Chapter 18 - Nate
eighteen
nate
"Dad?" Paige looked up from her elaborate Lego city. "Who was that?"
"Tasha. She's coming over for dinner."
Paige's face lit up like Christmas morning. "Really? Can we show her my new book? And can we make s'mores? Oh, and I want to show her how I finally got the bridge to stay up!"
"Sure, kiddo. We'll do whatever makes her happy." I ruffled her hair. "She had a hard day at work, so let's make sure she has a good time here, okay?"
Paige nodded solemnly. At eleven, she was already developing the same protective instincts I had. "Like when you have the dreams and need quiet time?"
Sometimes my daughter's emotional intelligence caught me off guard. "Sort of like that, yeah."
By the time Tasha's car pulled into the driveway forty-five minutes later, Paige had reorganized her entire Lego display and I'd ordered pizza from the place that made Tasha's favorite margherita.
Through the front window, I watched her sit in her car for a long moment before getting out, like she was gathering herself.
When I opened the door, she looked perfectly normal.
Professional smile in place, shoulders squared, every inch the competent ER nurse I worked with every day.
But you could see the cracks if you knew where to look—the slight tightness around her eyes, the way her hands clenched and unclenched at her sides.
"Hey there," I said softly, stepping aside to let her in.
"TASHA!" Paige bounded into the hallway, launching herself at Tasha with the enthusiasm of a golden retriever.
Tasha caught her in a hug, and I watched her hold on just a beat too long, her arms tightening around Paige's small frame like she needed the contact.
"Hey, kiddo," Tasha said, her voice steadier now. "I hear you've been doing some engineering today."
"Want to see? I built an entire city! With a working drawbridge!" Paige grabbed Tasha's hand, tugging her toward the living room.
For the next three hours, Tasha threw herself into being with us with an intensity that would have seemed normal to anyone who didn't know her well.
She admired every detail of Paige's Lego city.
She helped us build an even more elaborate bridge.
She laughed at Paige's jokes and listened with rapt attention to a detailed explanation of why certain structural elements were more stable than others.
But I noticed the way she kept reaching out to touch Paige—smoothing her hair, adjusting her sleeve, letting her hand linger on Paige's shoulder. I noticed how she watched me interact with my daughter, something almost hungry in her expression.
During dinner, Paige regaled us with stories from school, and Tasha hung on every word like it was the most fascinating thing she'd ever heard. When Paige got pizza sauce on her chin, Tasha was there with a napkin before I could even reach for one.

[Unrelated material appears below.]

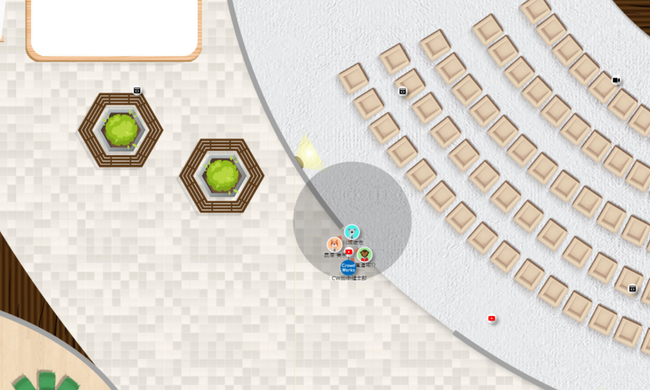 〇参加者交流ブース:バーチャル空間上で参加者どうしで交流することができます。
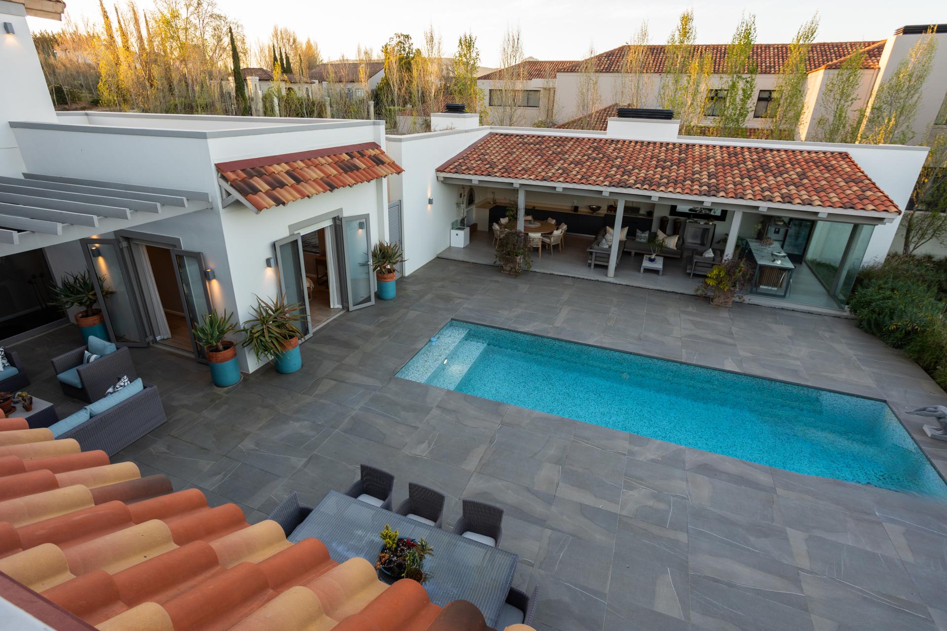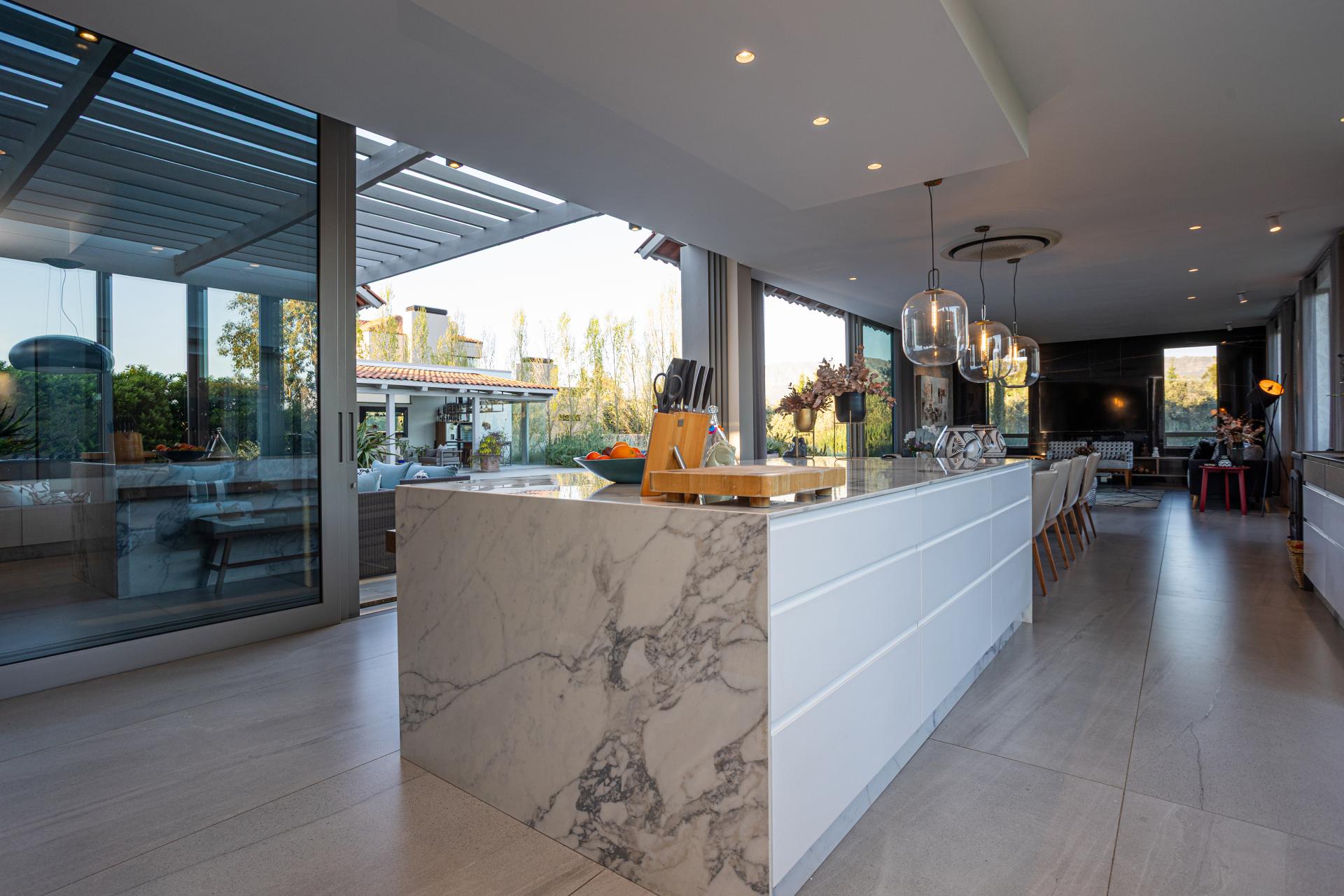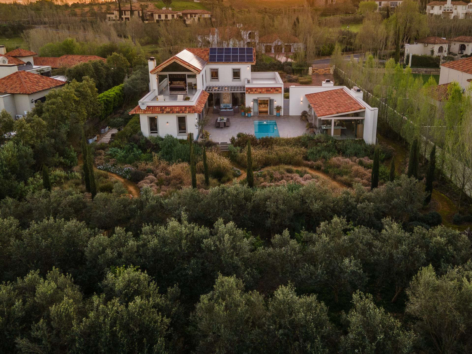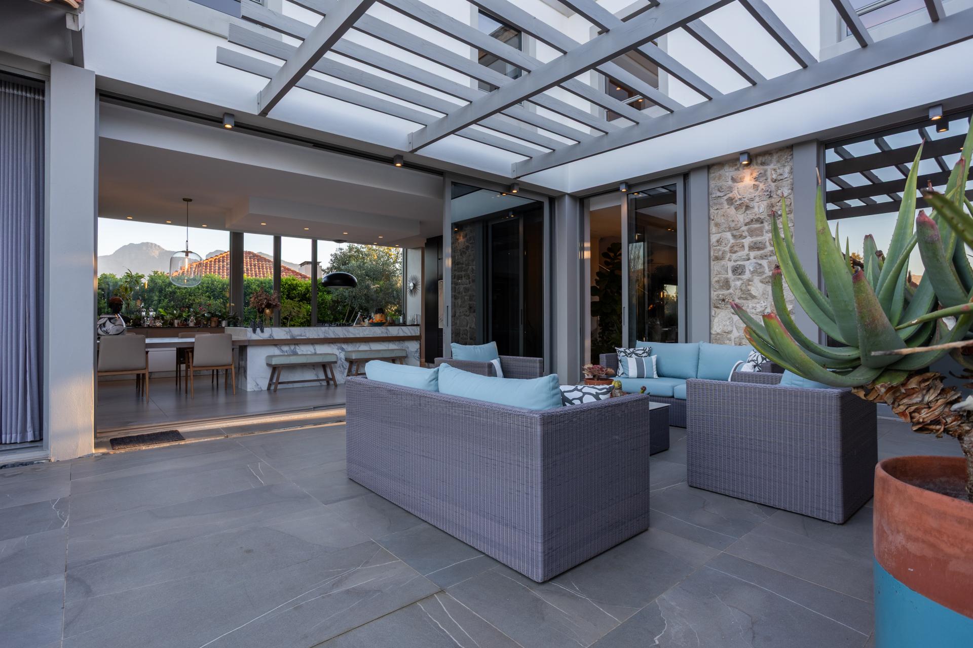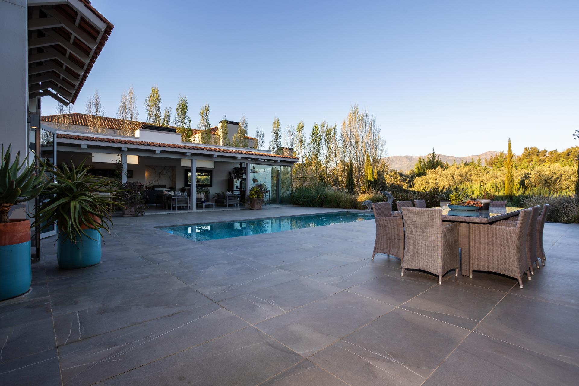 Set in the heart of the prestigious Winelands Estate, this distinguished residence embodies the essence of refined country living. Overlooking its own olive grove and framed by an indigenous garden alive with birdlife, the home combines natural elegance with contemporary comfort, enriched by imported stone finishes and streams of natural light.

"Can we watch a movie?" Paige asked as we finished eating. "The new one I got from the library?"
"What movie?" I asked.
"'The Princess Bride.' Mrs. Davidson said it was a classic and I needed to see it immediately or I was deprived."
Tasha laughed, the first genuinely relaxed sound I'd heard from her all evening. "Mrs. Davidson is absolutely right. That's practically required viewing."
We settled on the couch, Paige between us, her head gradually migrating to rest against Tasha's shoulder as the movie progressed. Tasha's arm came around her automatically, and I watched something in her expression soften.
By the time Westley was storming the castle, Paige was fast asleep, her breathing deep and even. Tasha looked down at her with such tenderness it made my chest tight.
"I should put her to bed," I whispered.
Tasha nodded, carefully extricating herself so I could scoop Paige up. My daughter was getting too big for me to carry easily, but I managed to get her to her room and tucked into bed without waking her.
When I came back to the living room, I found Tasha curled into the corner of the couch, knees drawn up, staring at nothing. The facade had finally cracked.
"Hey," I said softly, settling beside her. "You want to talk about it?"
She shook her head, then seemed to change her mind. "Tell me a story about you and Paige," she said quietly. "Something good. Something... normal."
"Okay, hmmm." I said, shifting so she could lean against me if she wanted to. "Let me tell you about nursing school."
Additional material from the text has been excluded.